### Work to be completed
Nothing but the lines below from the one with "Ferielejligheden (siden midten" through the one with "Summer prints that" should be output, each exactly as given, and no pictures.
*** Opening of The data ***
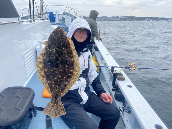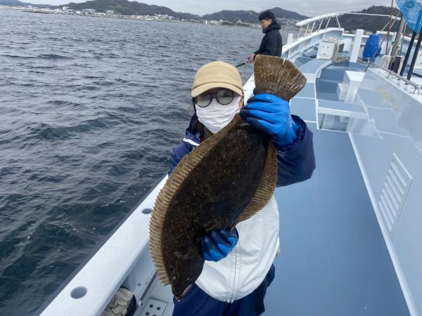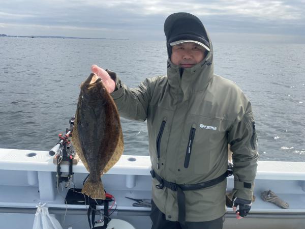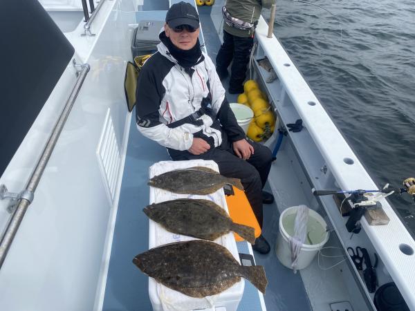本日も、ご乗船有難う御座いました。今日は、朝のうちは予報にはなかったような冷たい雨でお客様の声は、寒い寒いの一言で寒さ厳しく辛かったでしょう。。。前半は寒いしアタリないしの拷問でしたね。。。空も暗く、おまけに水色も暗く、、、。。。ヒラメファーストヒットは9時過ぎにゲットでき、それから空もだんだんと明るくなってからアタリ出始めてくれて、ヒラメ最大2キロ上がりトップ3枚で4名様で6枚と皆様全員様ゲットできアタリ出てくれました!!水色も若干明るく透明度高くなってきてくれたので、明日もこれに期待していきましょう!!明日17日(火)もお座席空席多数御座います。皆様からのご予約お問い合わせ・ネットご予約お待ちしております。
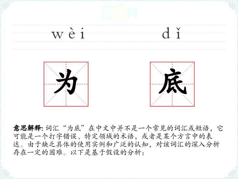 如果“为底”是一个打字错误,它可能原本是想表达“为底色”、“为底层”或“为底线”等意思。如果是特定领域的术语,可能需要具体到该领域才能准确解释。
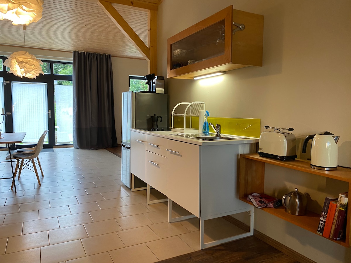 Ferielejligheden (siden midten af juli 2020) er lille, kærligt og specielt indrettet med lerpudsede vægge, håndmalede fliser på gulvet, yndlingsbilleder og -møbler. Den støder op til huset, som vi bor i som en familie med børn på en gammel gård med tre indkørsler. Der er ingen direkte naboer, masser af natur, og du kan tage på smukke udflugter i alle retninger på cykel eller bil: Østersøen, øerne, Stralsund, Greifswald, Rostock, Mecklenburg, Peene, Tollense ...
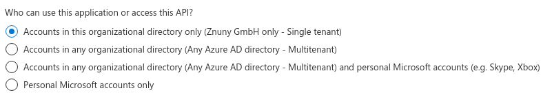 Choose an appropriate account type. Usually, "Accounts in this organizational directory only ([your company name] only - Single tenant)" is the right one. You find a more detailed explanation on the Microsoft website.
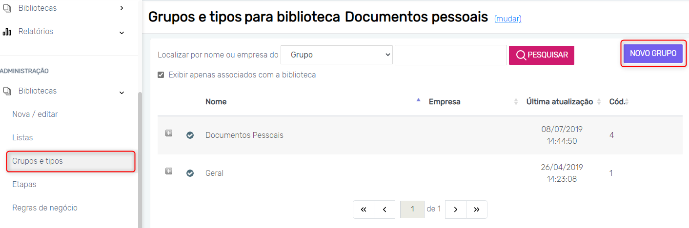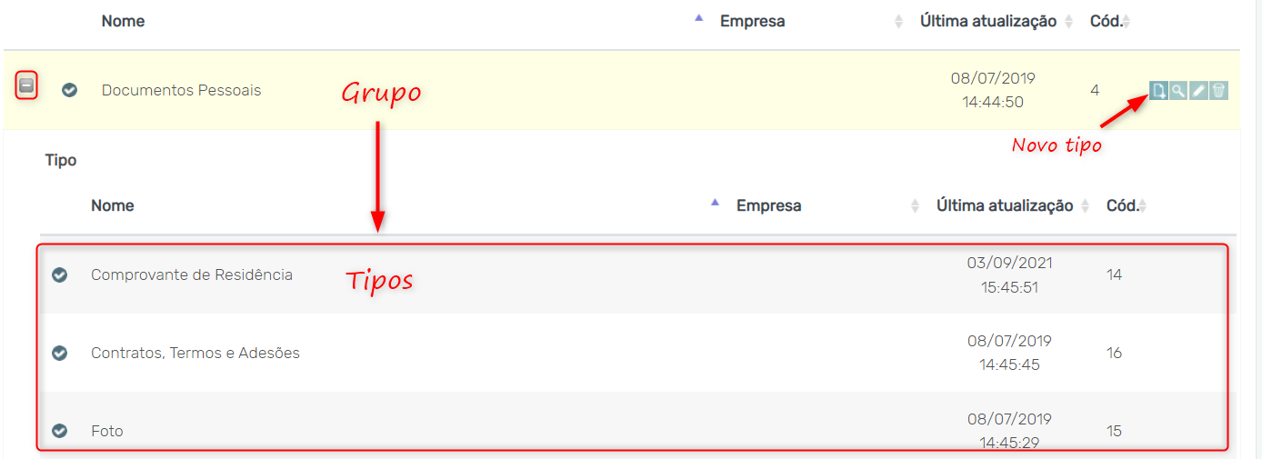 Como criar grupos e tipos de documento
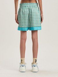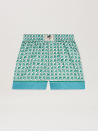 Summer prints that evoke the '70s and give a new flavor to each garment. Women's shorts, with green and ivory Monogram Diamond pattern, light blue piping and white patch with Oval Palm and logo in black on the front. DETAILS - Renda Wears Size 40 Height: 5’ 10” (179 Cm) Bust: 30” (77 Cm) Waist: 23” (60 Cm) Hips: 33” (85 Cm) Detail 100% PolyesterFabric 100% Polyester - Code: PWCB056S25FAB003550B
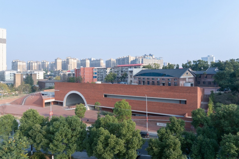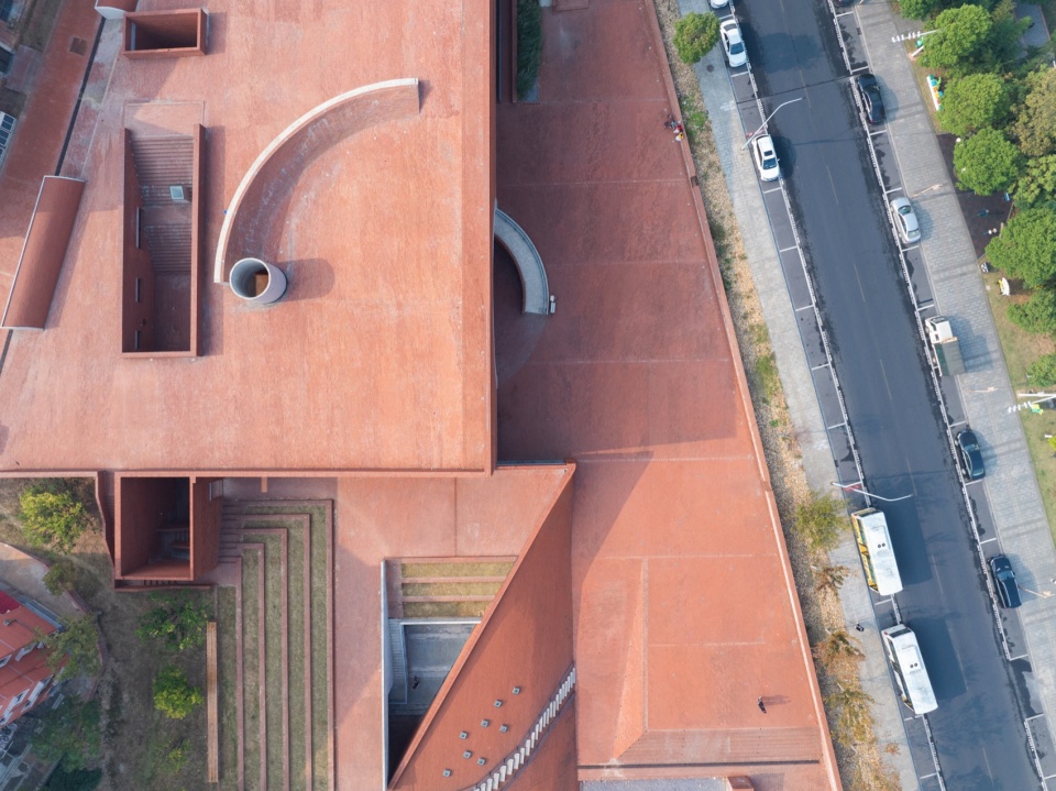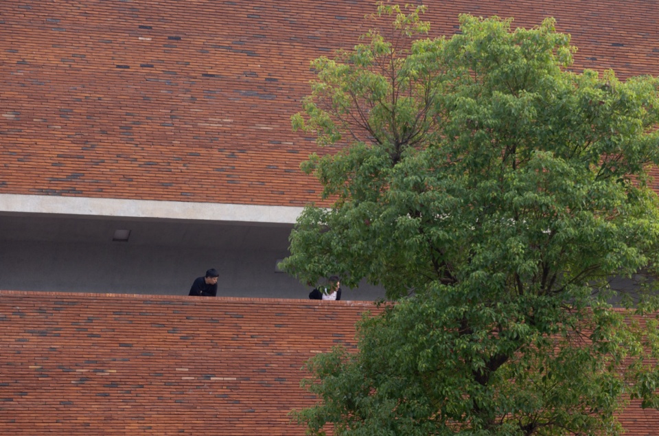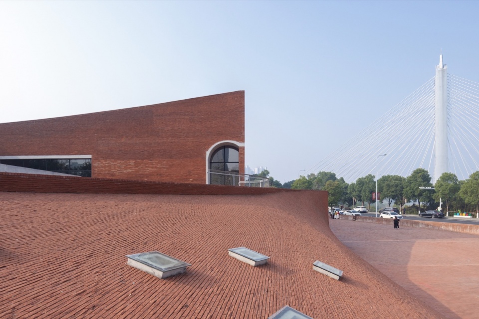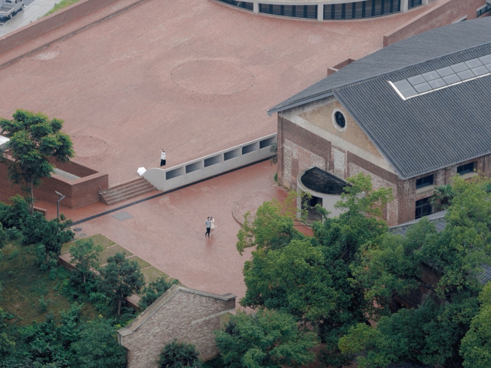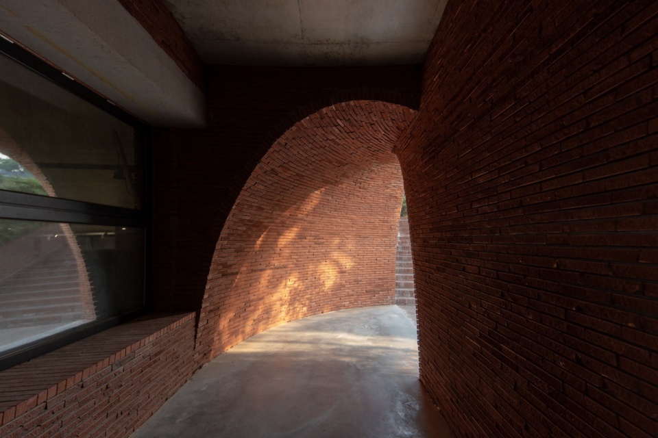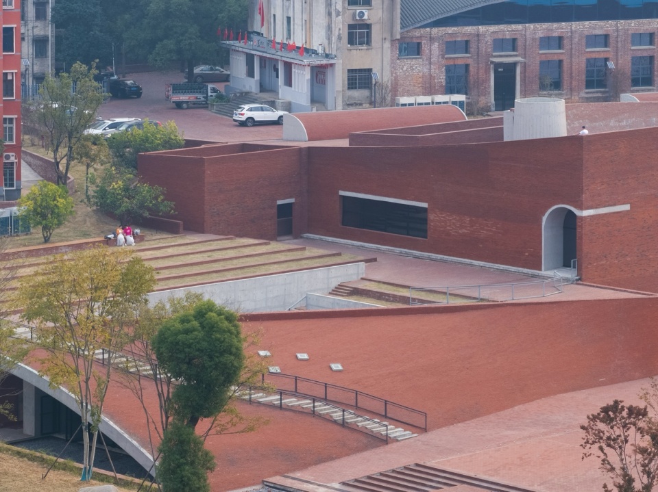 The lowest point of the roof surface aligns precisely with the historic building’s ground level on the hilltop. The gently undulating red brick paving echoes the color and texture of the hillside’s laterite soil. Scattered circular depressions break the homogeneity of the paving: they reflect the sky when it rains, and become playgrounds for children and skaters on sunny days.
*** Close of The data ***
### Response
 Ferielejligheden (siden midten af juli 2020) er lille, kærligt og specielt indrettet med lerpudsede vægge, håndmalede fliser på gulvet, yndlingsbilleder og -møbler. Den støder op til huset, som vi bor i som en familie med børn på en gammel gård med tre indkørsler. Der er ingen direkte naboer, masser af natur, og du kan tage på smukke udflugter i alle retninger på cykel eller bil: Østersøen, øerne, Stralsund, Greifswald, Rostock, Mecklenburg, Peene, Tollense ...
 Choose an appropriate account type. Usually, "Accounts in this organizational directory only ([your company name] only - Single tenant)" is the right one. You find a more detailed explanation on the Microsoft website.
 Como criar grupos e tipos de documento
 Summer prints that evoke the '70s and give a new flavor to each garment. Women's shorts, with green and ivory Monogram Diamond pattern, light blue piping and white patch with Oval Palm and logo in black on the front. DETAILS - Renda Wears Size 40 Height: 5’ 10” (179 Cm) Bust: 30” (77 Cm) Waist: 23” (60 Cm) Hips: 33” (85 Cm) Detail 100% PolyesterFabric 100% Polyester - Code: PWCB056S25FAB003550B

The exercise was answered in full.